Today Pat Coyle, president of Coyle Media, a digital media and sports marketing consulting firm, posted an article on the company blog about mobile use statistics. The article states that out of four billion mobile phones in use, 1.08 billion are smartphones. It projects that mobile internet usage will overtake that of desktops by 2014. And 91% of mobile internet access is to socialize via social networking. Over 200 million YouTube views occur on mobile devices every day. Now that I’ve blown your mind with a bunch of statistics, lets contemplate this.

Initially these numbers surprised me. But when I gave it a bit more time to sink in, it all made a lot of sense. In a class activity today, only three out of sixteen students didn’t have a smartphone. And when I think about what I do on my BlackBerry, I check The New York Times, get more news through Twitter, check sports scores, browse my Facebook newsfeed, check email, Google things, and send thousands of texts daily. Consuming through mobile devices is the future. I no longer go through the trouble of pulling out my laptop to go on twitter, I just use my phone. One click and done.

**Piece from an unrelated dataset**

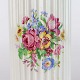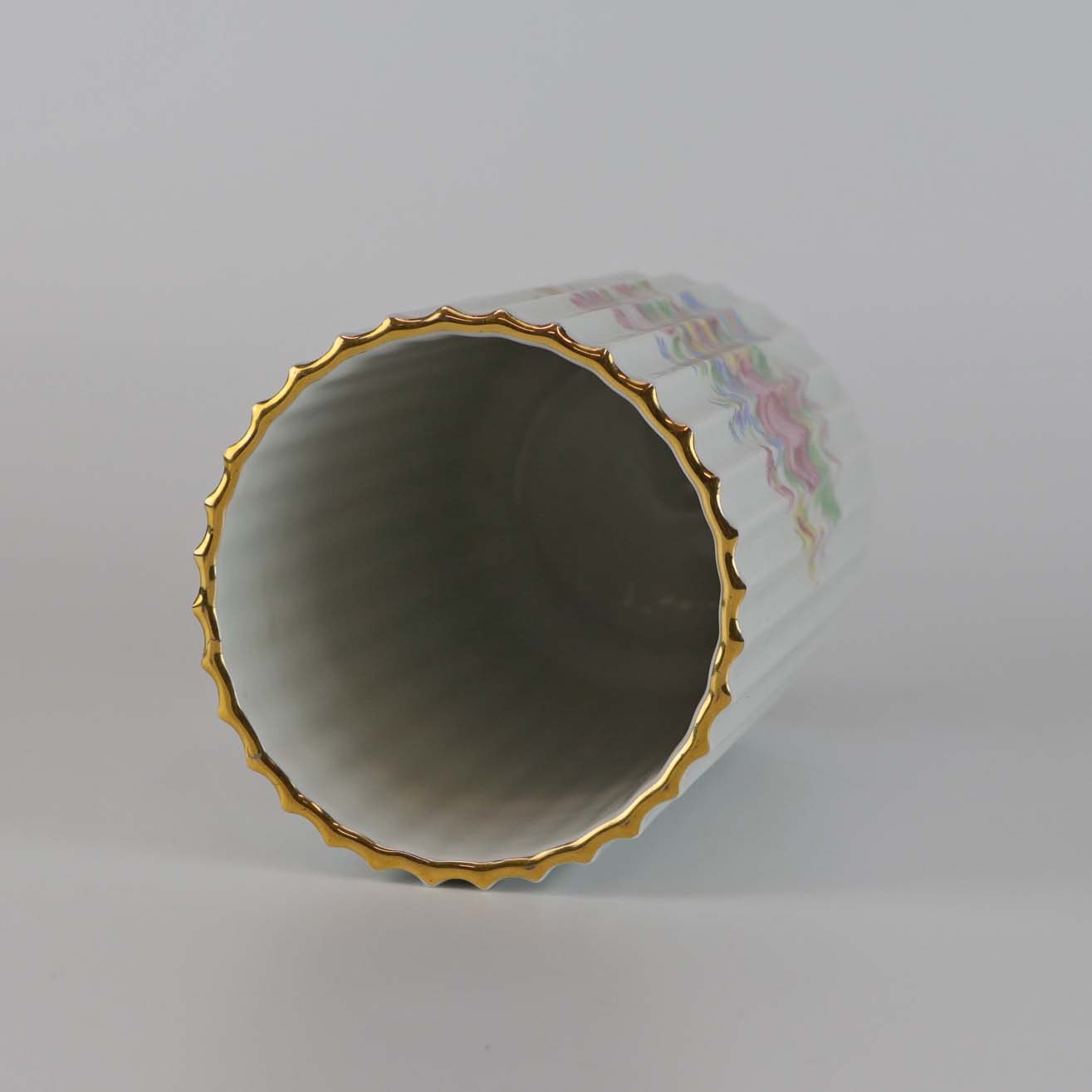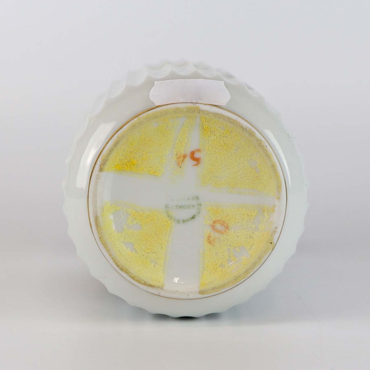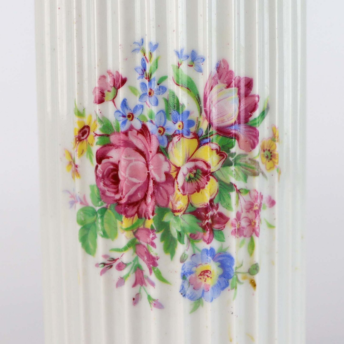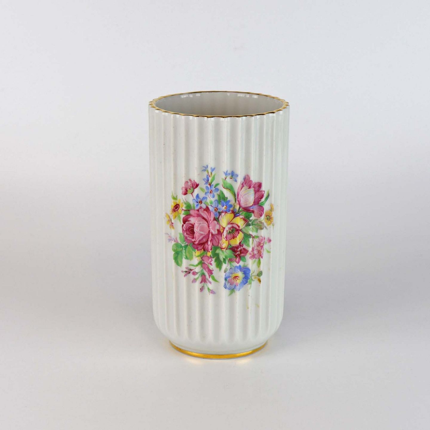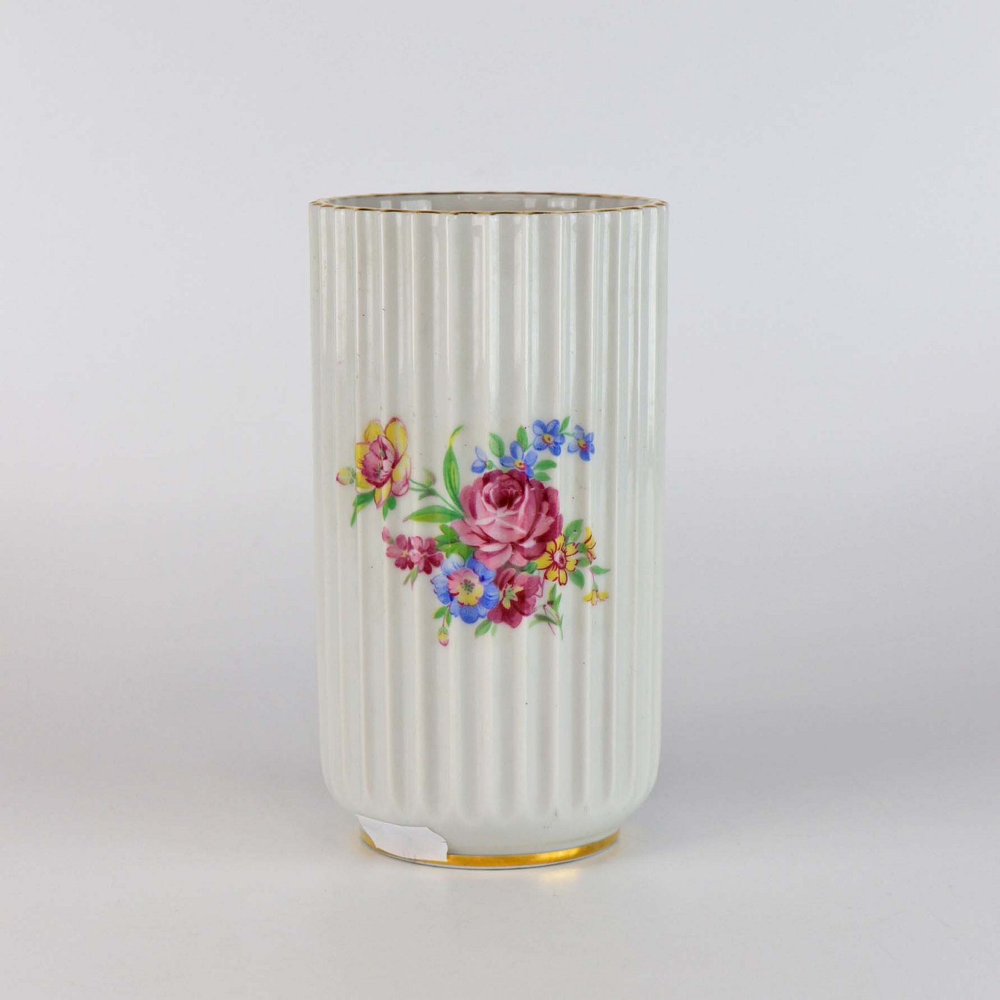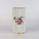 Hvid riflet vase med overført blomstermotiv og guldkant. Markedsført som Lyngby

Mobile media is a quickly emerging market, and I’m sure the way we use it will change just as fast. It’s our job as PR professionals to keep up with the curve and utilize the developing channel to more effectively reach our target audiences.

So what does this mean for the sports industry? Not always a good thing. Let us revisit Minnesota Vikings quarterback Brett Favre’s cell phone seduction story. This past fall a story broke including voice mails and inappropriate photos likely sent by Favre to the cellphone of former Jets sideline reporter Jenn Sterger.

In an age where immediacy rules, nothing is safe and everything can go public at any moment. How many times have you almost posted someone’s name (who you were attempting to search) as your Facebook status? As celebrities, athletes are more vulnerable then most because they are targets.

So, in the age of mobile media, nothing is totally safe. Only text something you would say to the media. Because as we all know, a scandal breaks every day and it’s never a good thing to be at the center of it.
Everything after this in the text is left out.